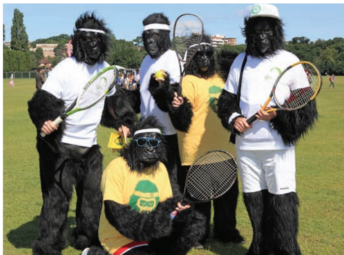
Le tennis de singe ? Pas tout à fait : La Team Gorille en route pour Wimbledon

La "Team Gorille" a ensuite pris la route pour un été de festivals de musique. En tout, les gorilles étaient présents à sept des plus grands événements de la saison estivale, dont Glastonbury, Hop Farm, Latitude et Reading et Leeds. Tout en
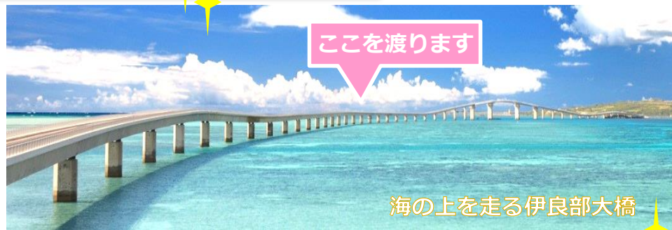
海の上を走る伊良部大橋
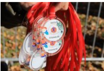
2019-10-20-Perły Małopolski-cz. 1
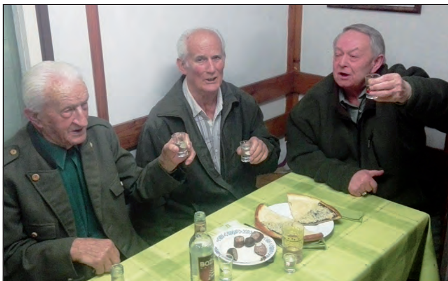
Na zdraví v novém roce všem přejí myslivci!

Myslivecký spolek Brdisko Liptál Vás srdečně zve na tradiční
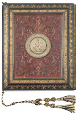
Erecertificaat voor Friedrich Alfred Krupp, 1896

In de „schatkamer“ worden pronkstukken uit het veelomvattende historische archief Krupp tentoongesteld. De prachtige stukken stonden nooit centraal in de geschiedenis van Krupp maar vertellen wel elk hun eigen verhaal.
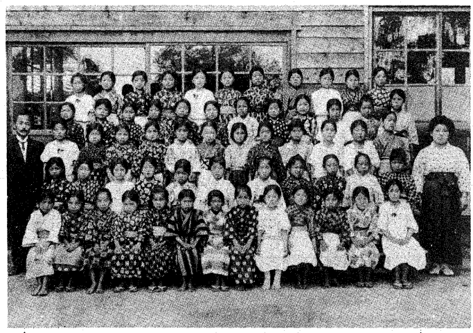
▲菟道尋常高等小学校の学級記念写真(大正9年7月撮影)

発行 京都府宇治市 編集 広報課 〒611 京都府宇治市 宇治琵琶33番地 電話 (0774)22-3141 毎月1日・11日・21日発行
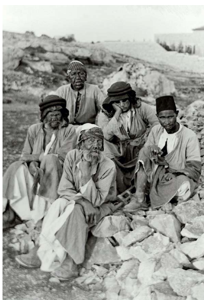
En gruppe af spedalske tigger om almisser.
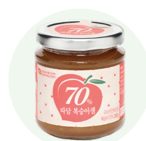
Mứt đào Ttadam

Mứt táo tươi được sản xuất từ bàn tay của những người nông dân vùng Imsil tỉnh Jeon Buk
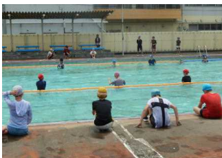
密を避けるため半数ずつ入水しています。

今年は水に慣れることや着衣水泳を中心に指導しています。子どもたちは服を着たまま水に入ると動きにくいこと、力を抜くと水に浮くことができることを体験しました。
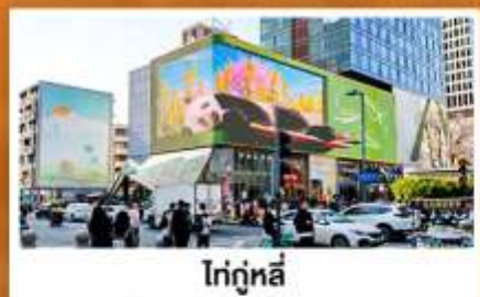
โทกูหลี่

### What the task requires
Output every entry exactly as given; pictures are not part of the copy.

### Result of this task
Le tennis de singe ? Pas tout à fait : La Team Gorille en route pour Wimbledon

La "Team Gorille" a ensuite pris la route pour un été de festivals de musique. En tout, les gorilles étaient présents à sept des plus grands événements de la saison estivale, dont Glastonbury, Hop Farm, Latitude et Reading et Leeds. Tout en
海の上を走る伊良部大橋
2019-10-20-Perły Małopolski-cz. 1
Na zdraví v novém roce všem přejí myslivci!

Myslivecký spolek Brdisko Liptál Vás srdečně zve na tradiční
Erecertificaat voor Friedrich Alfred Krupp, 1896

In de „schatkamer“ worden pronkstukken uit het veelomvattende historische archief Krupp tentoongesteld. De prachtige stukken stonden nooit centraal in de geschiedenis van Krupp maar vertellen wel elk hun eigen verhaal.
▲菟道尋常高等小学校の学級記念写真(大正9年7月撮影)

発行 京都府宇治市 編集 広報課 〒611 京都府宇治市 宇治琵琶33番地 電話 (0774)22-3141 毎月1日・11日・21日発行
En gruppe af spedalske tigger om almisser.
Mứt đào Ttadam

Mứt táo tươi được sản xuất từ bàn tay của những người nông dân vùng Imsil tỉnh Jeon Buk
密を避けるため半数ずつ入水しています。

今年は水に慣れることや着衣水泳を中心に指導しています。子どもたちは服を着たまま水に入ると動きにくいこと、力を抜くと水に浮くことができることを体験しました。
โทกูหลี่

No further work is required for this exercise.